▶ _Work order_
An exact transcription of all the data is required; the pictures are to be left out.

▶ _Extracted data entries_
= = = = = = =

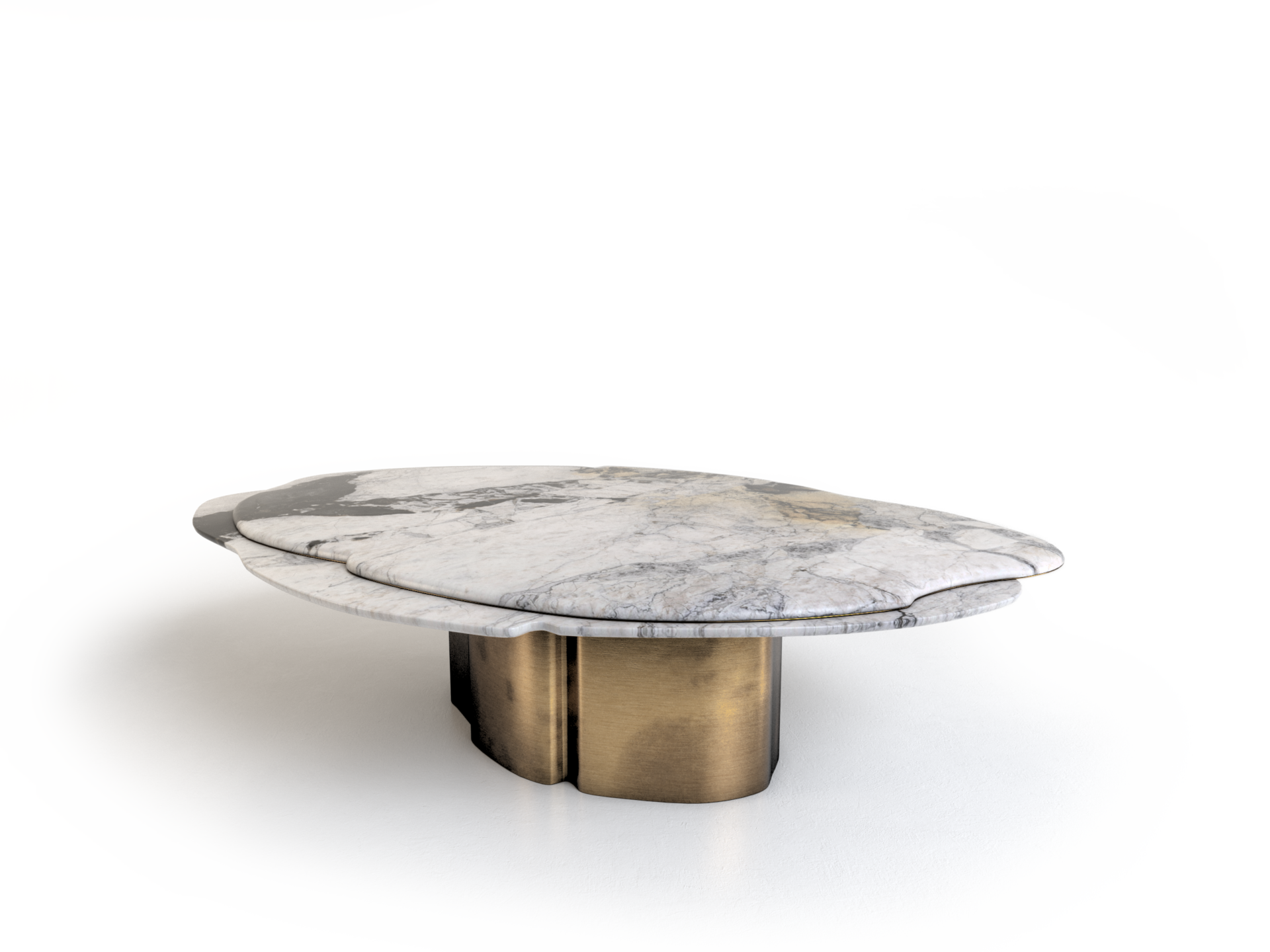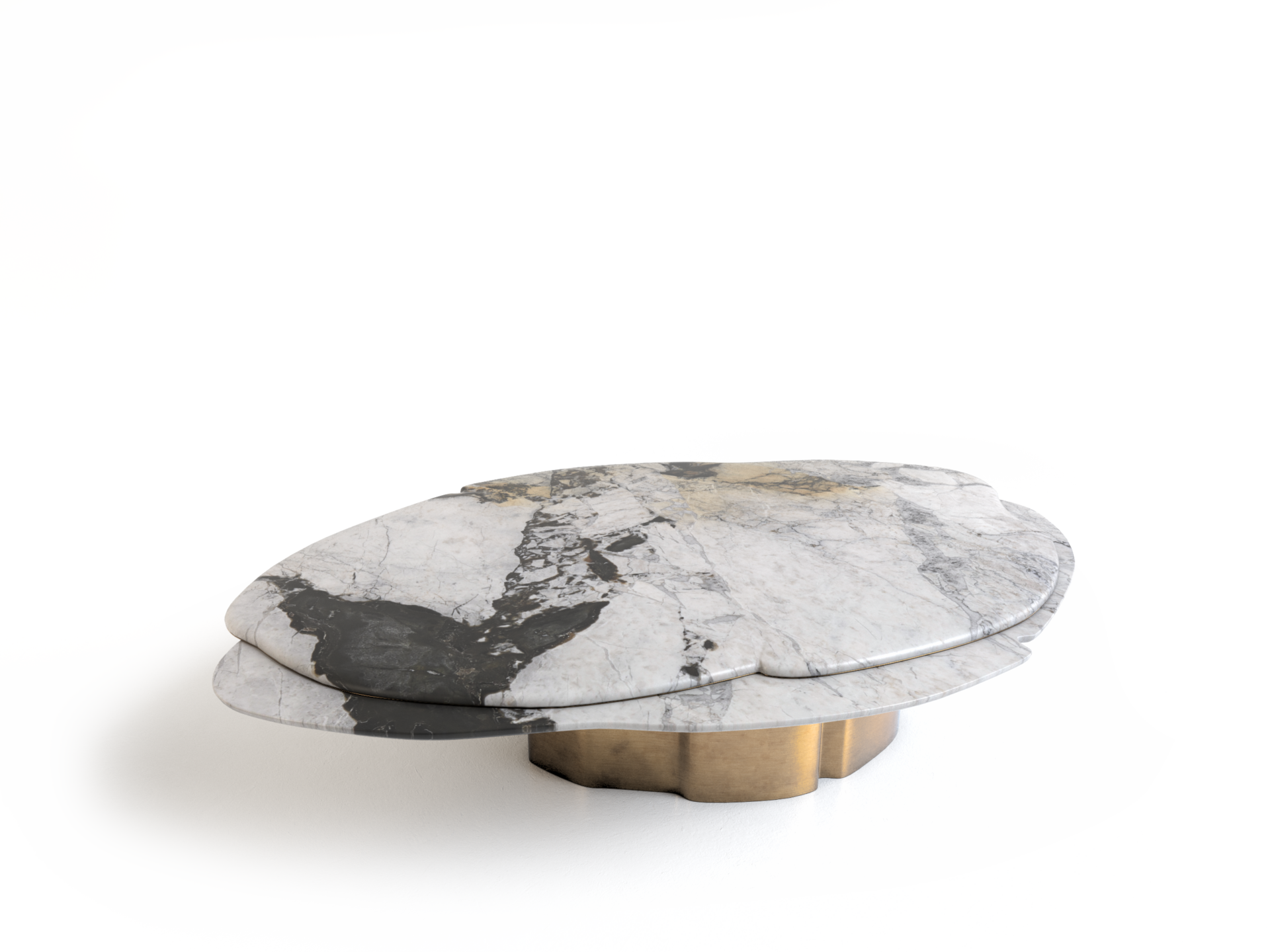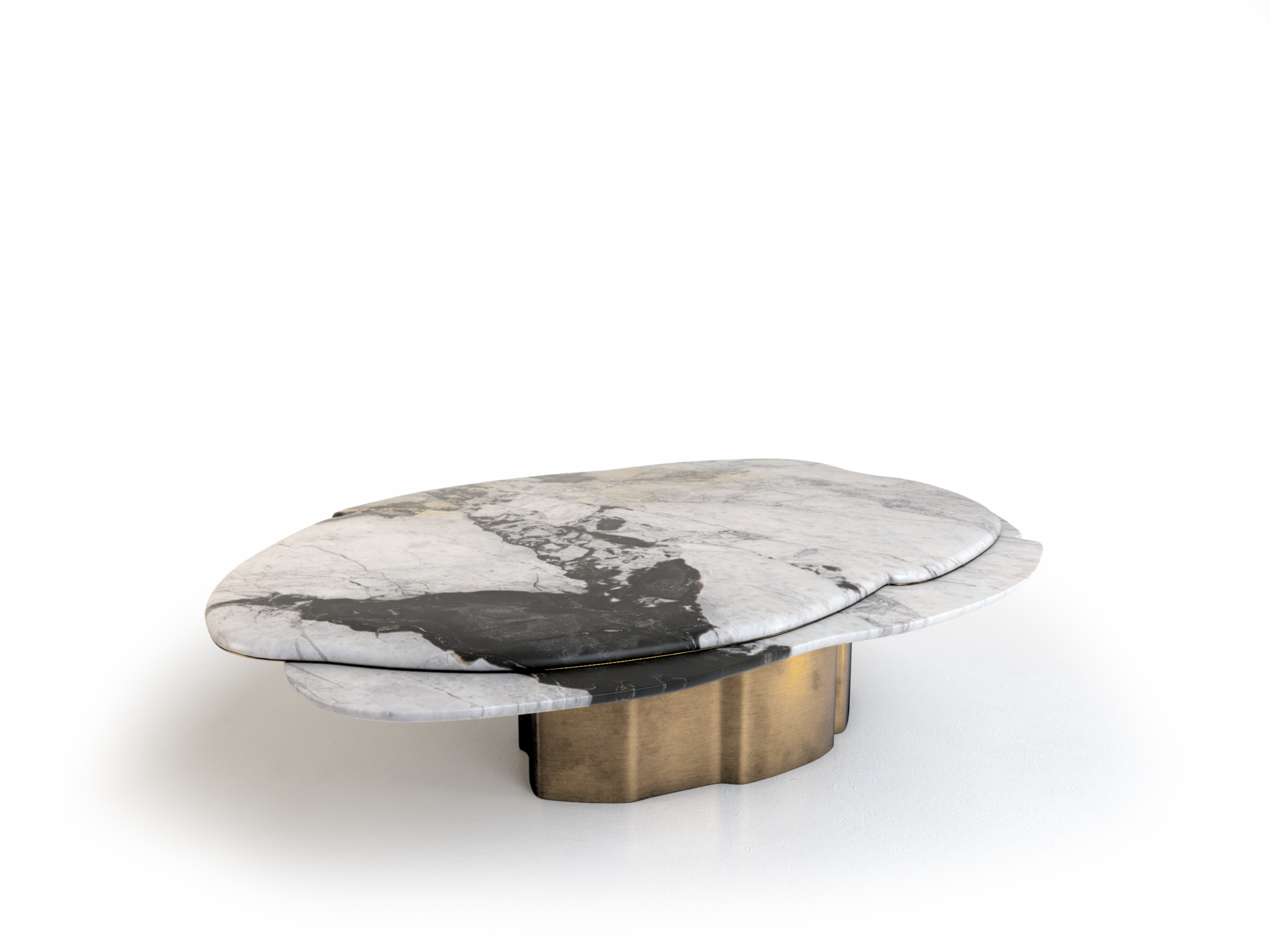 The OYSTER V is a refined, sculptural center piece, tastefully blends the strength of natural marble with the warmth of solid brass in “dark antique satin” finish.
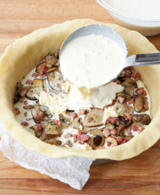 Riprendete la teglia dal frigorifero e distribuite sul fondo della pasta i dadini di pancetta e metà dei funghi (che avrete lasciato raffreddare); versatevi sopra il composto di panna e uova con un mestolino per evitare di bagnare i bordi della pasta.
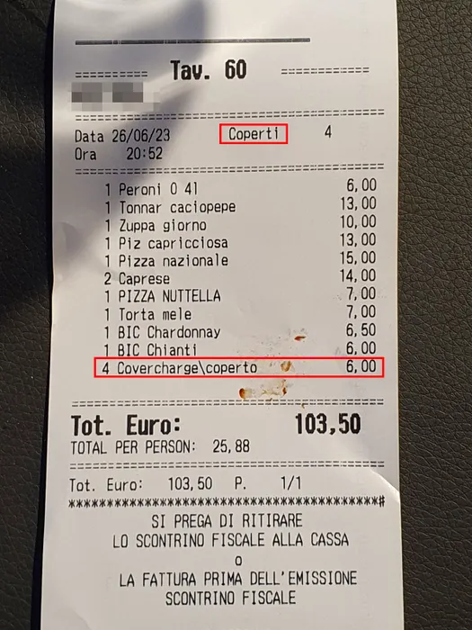Nota de plată de la un restaurant din Italia, pe care este trecută și coperto
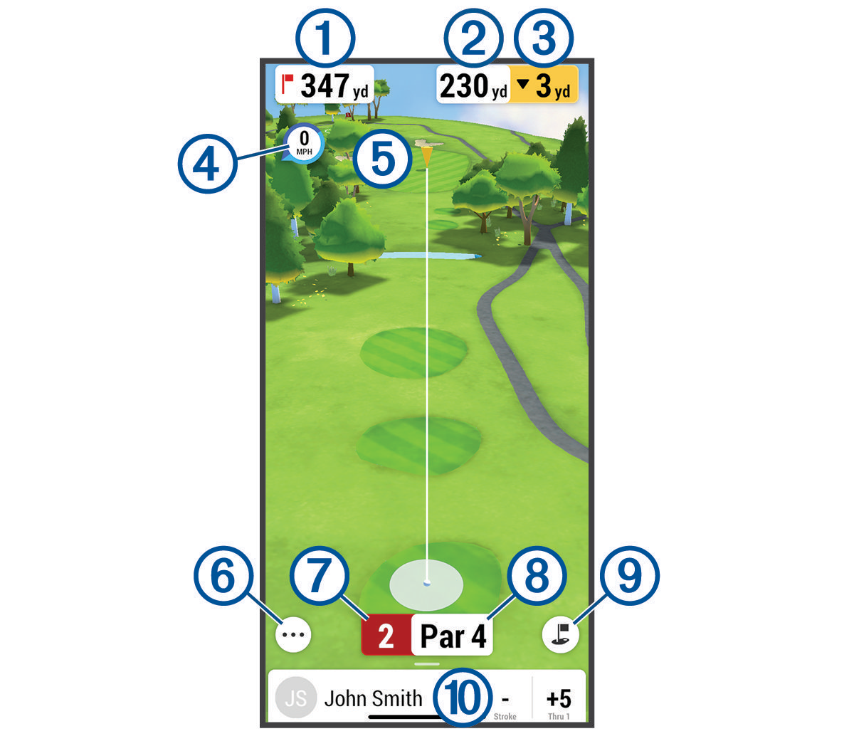 Displays the distance to the hole. |
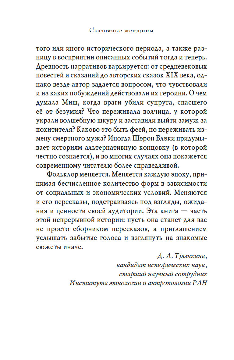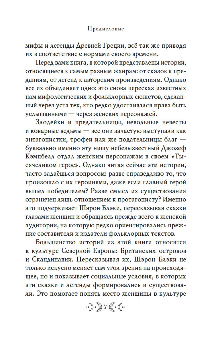 Задумывались ли вы когда-нибудь над судьбами женских персонажей в различных сказках, мифах, историях, которые нам рассказывали в детстве? Уверены, что не настолько, насколько этим озаботилась фольклорист-антрополог Шэрон Блэки. Изысканным поэтическим языком автор предлагает пересмотреть женскую роль в привычных всеми классических сюжетах и задаться вопросом, почему же во главу угла всегда ставятся мужчины, а женщин отодвигают на второй план и изобличают либо дополнением к мужу, либо злодейкой.
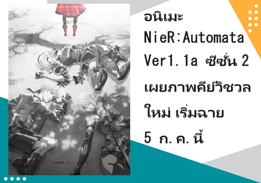 Aniplex ได้เผยภาพคีย์วิชวลใหม่ของอนิเมะ NieR:Automata Ver1.1a ซีซั่น 2 ที่เป็นภาพของ 3 ตัวละครหลัก ได้แก่ 2B, 9S และ A2 ออกมาให้รับชมกันแล้ว
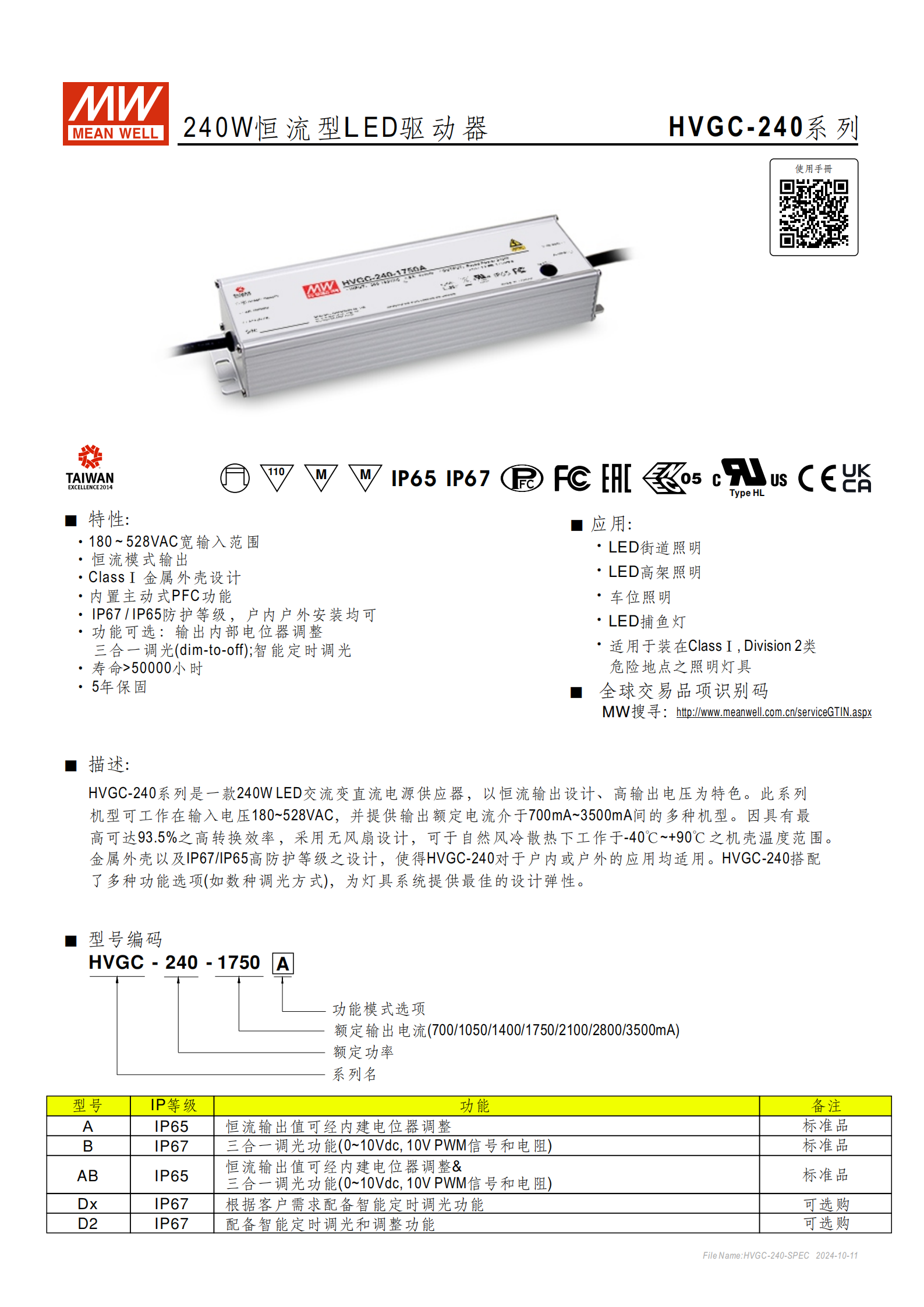 型號編碼規(guī)則為HVGC-240 - 額定輸出電流 - 功能模式,額定輸出電流涵蓋 700/1050/1400/1750/2100/2800/3500mA 共 7 款,功能模式分標準品與選購品,具體參數(shù)如下:
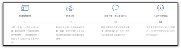 以成立于2014年5月的大陆人才拍卖网站「100offer」为例,想求职的程序员首先必须先提交简历,通过100offer内部筛选后,符合条件者才可以参加一周一次的集中拍卖。招聘企业可以浏览这些被拍卖程序员的简历,如果对某位程序员感到兴趣,就可以发出面试邀约。但是否 接受面试邀约,决定权还是回到程序员手中。
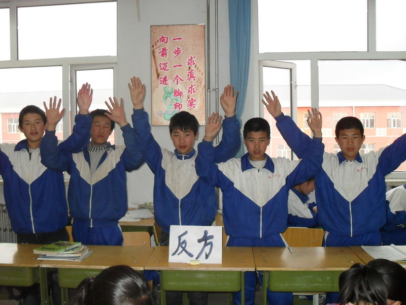 "我反对"一声响亮的声音传入耳中,这是我们进行的一场"开卷是否有益"的辩论会发出的声音。这是一次唇枪舌战的辩论会。我是反方,主辩手刘浩洋选出了七名实力干将:我,忻胜月、李晨然等。正方主辩手张宇也选出他们的实力干将。
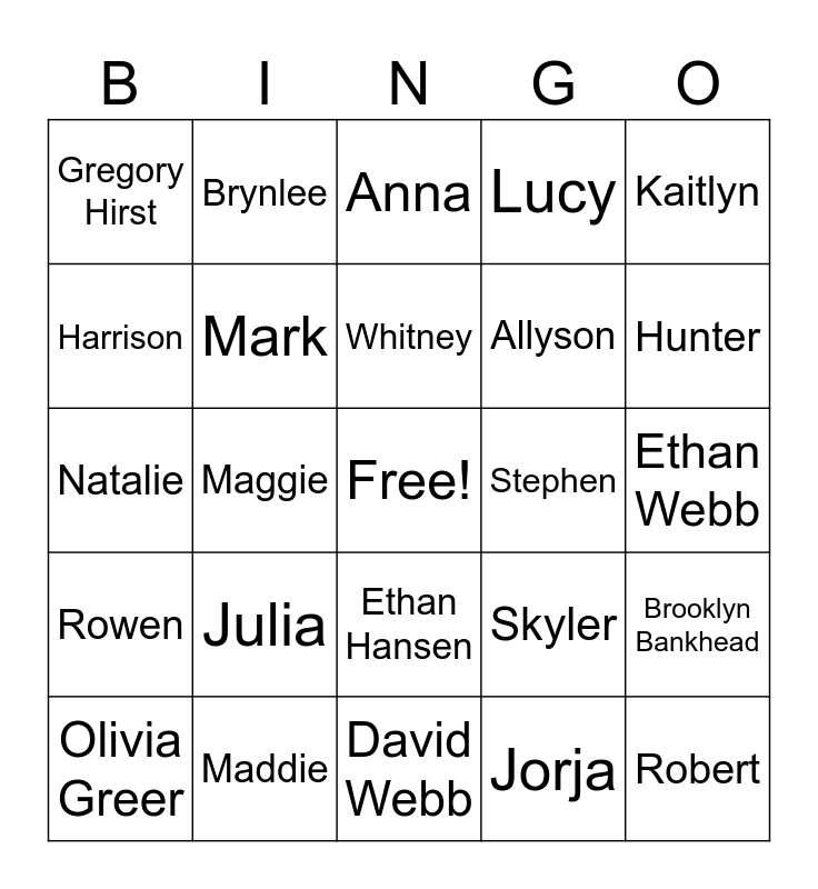 This bingo card has a free space and 68 words: Lorri, Robert, Brady, Shalece, Lincoln, Cassidy, Brynlee, Emily, Whitney, McKay, Ethan Hansen, Brooklyn Hansen, Ethan Webb, Kaitlyn, Cameron, Harrison, Maggie, Gregory Hirst, Brian, Julia, Allyson, Skyler, Rowen, Crew, Grayson, McKenzie, Sam, Olivia Bankhead, Brooklyn Bankhead, Gregory Webb, Anna, Erik, Ashley, Nathan, Lucy, Christopher, Logan, Olivia Greer, Hunter, Natalie, Grace, Sophia, Mark, Brooke, Maile, Jake, Emma, Janie, Stephen, Maddie, Lexie, Nikki, Jacob, David Webb, David Webb, Amber, Jorja, Adelle, Luke, Jack, Heber, Lyndsay, Chad, Kate, Rachel, Ben, Jeff and Liz.

= = = = = = =

▶ _Task response_
 The OYSTER V is a refined, sculptural center piece, tastefully blends the strength of natural marble with the warmth of solid brass in “dark antique satin” finish.
 Riprendete la teglia dal frigorifero e distribuite sul fondo della pasta i dadini di pancetta e metà dei funghi (che avrete lasciato raffreddare); versatevi sopra il composto di panna e uova con un mestolino per evitare di bagnare i bordi della pasta.
Nota de plată de la un restaurant din Italia, pe care este trecută și coperto
 Displays the distance to the hole. |
 Задумывались ли вы когда-нибудь над судьбами женских персонажей в различных сказках, мифах, историях, которые нам рассказывали в детстве? Уверены, что не настолько, насколько этим озаботилась фольклорист-антрополог Шэрон Блэки. Изысканным поэтическим языком автор предлагает пересмотреть женскую роль в привычных всеми классических сюжетах и задаться вопросом, почему же во главу угла всегда ставятся мужчины, а женщин отодвигают на второй план и изобличают либо дополнением к мужу, либо злодейкой.
 Aniplex ได้เผยภาพคีย์วิชวลใหม่ของอนิเมะ NieR:Automata Ver1.1a ซีซั่น 2 ที่เป็นภาพของ 3 ตัวละครหลัก ได้แก่ 2B, 9S และ A2 ออกมาให้รับชมกันแล้ว
 型號編碼規(guī)則為HVGC-240 - 額定輸出電流 - 功能模式,額定輸出電流涵蓋 700/1050/1400/1750/2100/2800/3500mA 共 7 款,功能模式分標準品與選購品,具體參數(shù)如下:
 以成立于2014年5月的大陆人才拍卖网站「100offer」为例,想求职的程序员首先必须先提交简历,通过100offer内部筛选后,符合条件者才可以参加一周一次的集中拍卖。招聘企业可以浏览这些被拍卖程序员的简历,如果对某位程序员感到兴趣,就可以发出面试邀约。但是否 接受面试邀约,决定权还是回到程序员手中。
 "我反对"一声响亮的声音传入耳中,这是我们进行的一场"开卷是否有益"的辩论会发出的声音。这是一次唇枪舌战的辩论会。我是反方,主辩手刘浩洋选出了七名实力干将:我,忻胜月、李晨然等。正方主辩手张宇也选出他们的实力干将。
 This bingo card has a free space and 68 words: Lorri, Robert, Brady, Shalece, Lincoln, Cassidy, Brynlee, Emily, Whitney, McKay, Ethan Hansen, Brooklyn Hansen, Ethan Webb, Kaitlyn, Cameron, Harrison, Maggie, Gregory Hirst, Brian, Julia, Allyson, Skyler, Rowen, Crew, Grayson, McKenzie, Sam, Olivia Bankhead, Brooklyn Bankhead, Gregory Webb, Anna, Erik, Ashley, Nathan, Lucy, Christopher, Logan, Olivia Greer, Hunter, Natalie, Grace, Sophia, Mark, Brooke, Maile, Jake, Emma, Janie, Stephen, Maddie, Lexie, Nikki, Jacob, David Webb, David Webb, Amber, Jorja, Adelle, Luke, Jack, Heber, Lyndsay, Chad, Kate, Rachel, Ben, Jeff and Liz.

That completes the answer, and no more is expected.